Motion Savary (12.3578): Credit rating databases. A problem that must be solved
Rejected (27.09.2012)
Submitted text
The Federal Council is instructed to prohibit, by means of an amendment to the Federal Act on Data Protection, the recording of data on the solvency of private individuals in databases other than the debt collection register and the database of the Consumer Credit Information Office (IKO).
Justification
Creditworthiness databases contain information about the solvency of private individuals. They belong to private credit agencies and are largely unknown to the public and, even worse, to the individuals concerned.
Against payment, everyone can get access to this data. Registered persons have the right to request information about their own data as well as its deletion. However, very few people know that they are registered, and if they do, they do not know which company to contact. This opaque situation contradicts the principles of the Federal Data Protection Act.
Another problem arises: the accuracy of the stored data. The information is often inaccurate, the claims dubious, or there is a mix-up of names (homonymy).
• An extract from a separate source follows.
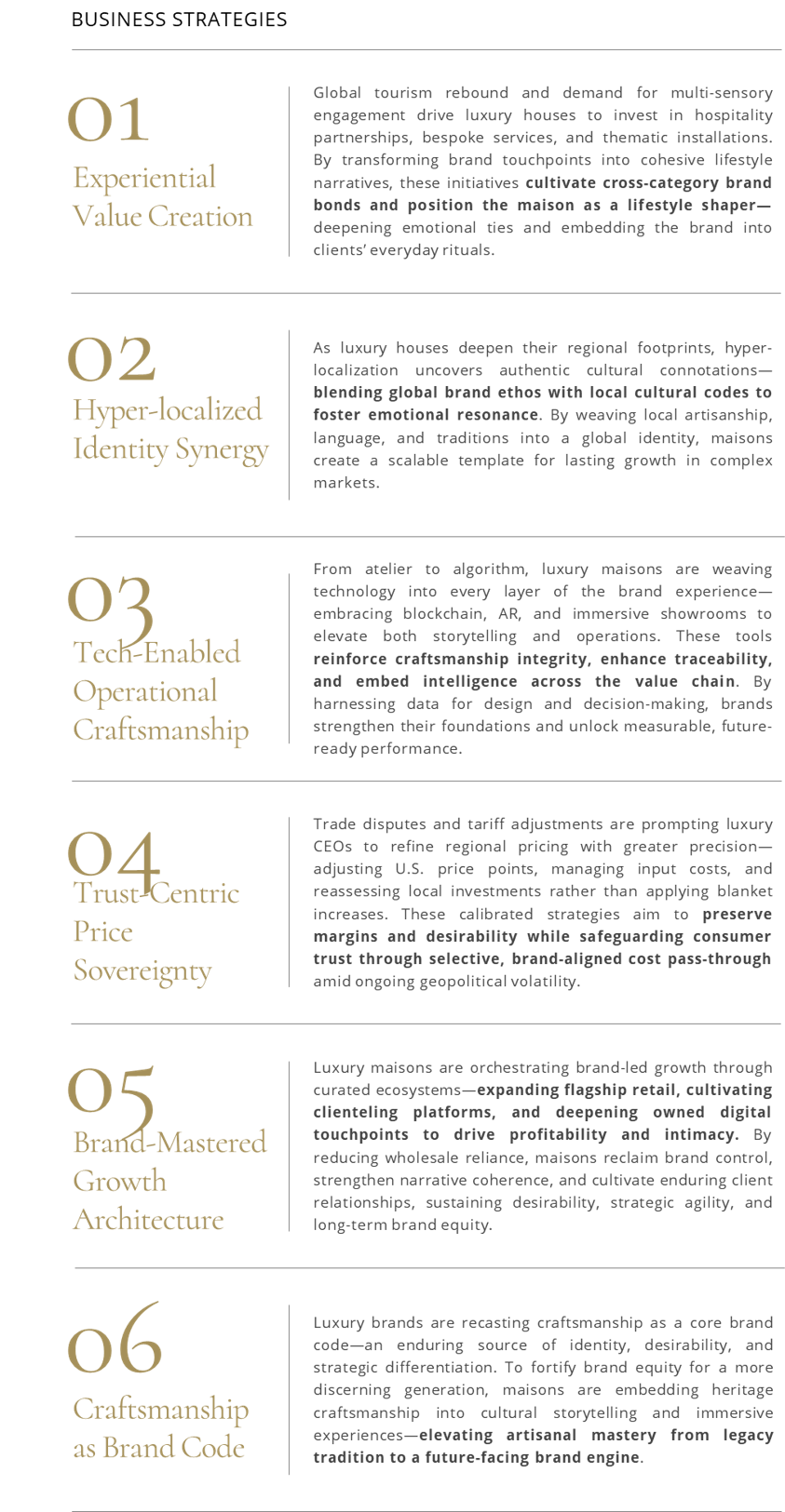 To that end, leading brands are reconfiguring their strategies—leveraging agile pricing, immersive storytelling, localized authenticity, and digital innovation to preserve margin integrity and brand desirability. By integrating these levers into their operating models, maisons are not merely withstanding short-term pressures, but also establishing resilient foundations for sustained performance and future expansion.

Even good payers, and sometimes even children, are on these lists. The entire population can therefore fall victim to abusive data collection. The fact that this data is available in credit rating databases and can be viewed by anyone at will can have serious consequences. This is because the rating system of the credit bureaus (the A grade is the highest) can be consulted by any person or company wishing to obtain information about a citizen (e.g. administrations, employers, when granting small loans or taking out telephone subscriptions). Why is a person registered in such a data collection? Why does it have a certain rating and no other? There are no specifications as to how long the data may be stored, and there is no definition of what constitutes good or bad payers. It is not uncommon for a bad grade to be assigned based on a simple delay in payment.
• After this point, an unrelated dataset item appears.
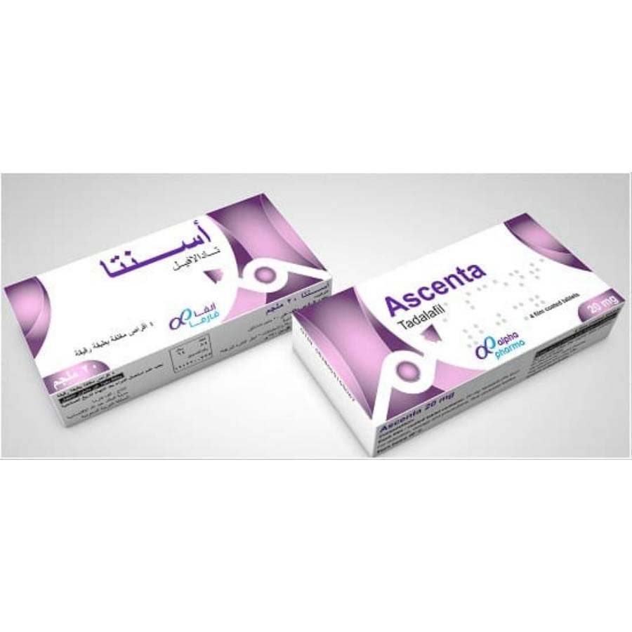 أقراص Ascenta بتركيز 20 ملغ هي دواء يُؤخذ عن طريق الفم يحتوي على 20 ملليغرام من مادة فعالة، يحتمل أن تكون ستاتين أو دواء قلب وأوعية دموية. تحتوي العبوة على 4 أقراص. قد يكون هذا الحجم الصغير من العبوة مخصصاً كجرعة ابتدائية، عبوة تجريبية، أو لنظام علاجي محدد قصير الأمد، يُستخدم للتحكم في حالات مثل ارتفاع الكوليسترول أو خطر أمراض القلب والأوعية الدموية تحت إشراف طبي.

These data collections have no legal basis, unlike the debt collection register and the IKO database, which is based on the Federal Consumer Credit Act. They must therefore be prohibited by law.
Statement of the Federal Council
The activities of private credit reporting agencies are in tension with the protection of the privacy of the persons covered by the credit reporting agencies. Private credit reporting agencies must comply with the Federal Act on Data Protection of 19 June 1992 (FADP; SR 235.1), which takes this tension into account, when processing the data of natural persons and legal entities. The Federal Council considers the complete ban on the registration of personal data in the area of creditworthiness by private credit reporting agencies proposed by the motion to be too far-reaching. However, it is prepared to examine the extent to which there is a need for additional legislative action in this context. This examination can be carried out as part of the work on the revision of the FADP. Preparatory work on this has now begun after the Federal Council came to the conclusion, following the recent evaluation of the DPA, that the law should be revised (see the Federal Council’s report on the evaluation of the DPA of 9 December 2011, BBl 2012 335ff.).